While the White Paper focuses on the high level reasons and objectives behind the proposals, there have been a steady stream of publications since July setting out details of how the proposals will be implemented and more are expected. Consultations on discrete aspects of the reforms have already been published, giving interested parties an opportunity to comment on the proposals and influence the way they are implemented. No doubt, top on the agenda for the independent sector (along side the future of the NHS tariff) will be to seek clarification of the Government’s proposals for addressing NHS pension provision and the impact this has on the “level playing field” for independent sector providers tendering for opportunities in the NHS. This was a difficult issue for the previous government and is only briefly referred to in the White Paper.

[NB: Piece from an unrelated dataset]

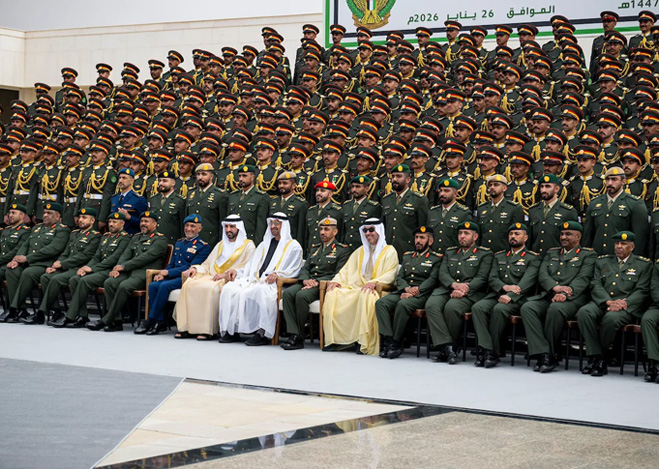 UAE President attends graduation ceremony of 50th cohort and first university-level cohort of cadet officers at Zayed II Military College in Al Ain Region

The far-reaching proposals in the White Paper are a bold move for a Coalition Government still in its infancy. Whilst there have been other significant structural changes in the NHS over the last decade, the reforms outlined in the White Paper (in particular, the “de-layering” of NHS management and the empowerment of frontline clinical staff) seem driven by a genuine focus on improving health outcomes and creating a patient-led service. This is in keeping with other initiatives in the Coalition Government’s agenda - not least, Cameron’s “Big Society” which also focuses on empowering communities and the people within them.

As the proposals in the White Paper unfold in more detail, the independent sector should work along side the NHS and local authorities to influence the direction of travel, ensuring that the ideas and concerns of all key players in the health sector (public, private and third sector) are accommodated and that each of them is given the opportunity to influence the future of the NHS.